» WORK TO BE COMPLETED
The output should be the listing below, limited to the lines from the one with "Смещение груза пружинного" through the one with "X县人民医院2025年中秋节致辞:月满中秋情临医守安康", exact and without pictures.

» DATA RECORDS
----
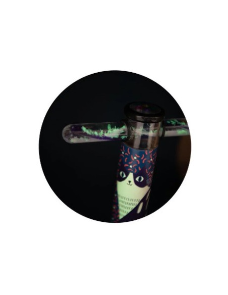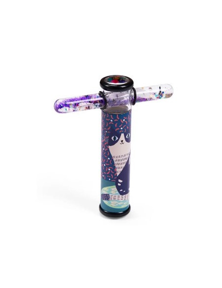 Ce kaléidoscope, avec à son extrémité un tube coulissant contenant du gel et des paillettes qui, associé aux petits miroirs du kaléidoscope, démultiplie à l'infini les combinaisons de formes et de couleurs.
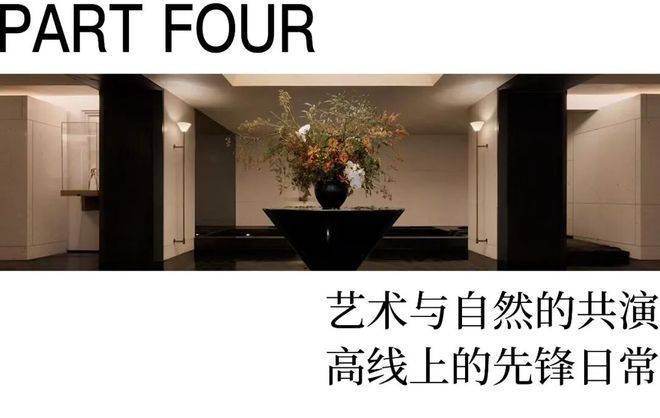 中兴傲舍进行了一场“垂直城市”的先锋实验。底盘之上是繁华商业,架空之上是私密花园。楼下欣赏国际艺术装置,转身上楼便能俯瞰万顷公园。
----
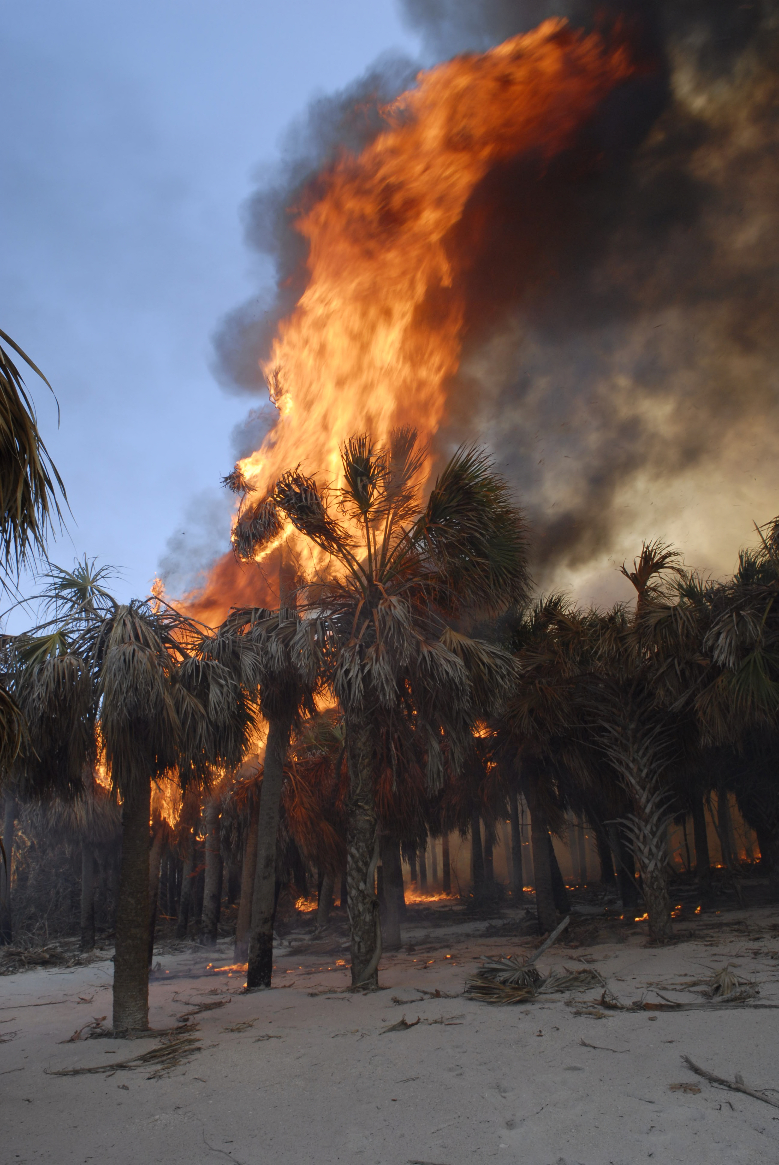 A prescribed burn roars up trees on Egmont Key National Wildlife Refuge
----
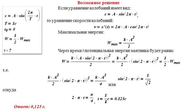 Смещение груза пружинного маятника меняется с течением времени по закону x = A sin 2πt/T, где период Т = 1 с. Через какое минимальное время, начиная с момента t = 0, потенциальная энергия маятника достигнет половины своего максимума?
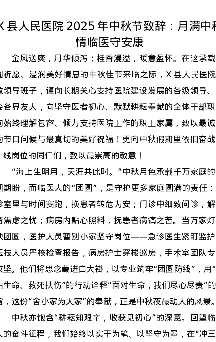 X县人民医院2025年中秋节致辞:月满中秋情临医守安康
----
» WRITTEN ANSWER
 Смещение груза пружинного маятника меняется с течением времени по закону x = A sin 2πt/T, где период Т = 1 с. Через какое минимальное время, начиная с момента t = 0, потенциальная энергия маятника достигнет половины своего максимума?
 X县人民医院2025年中秋节致辞:月满中秋情临医守安康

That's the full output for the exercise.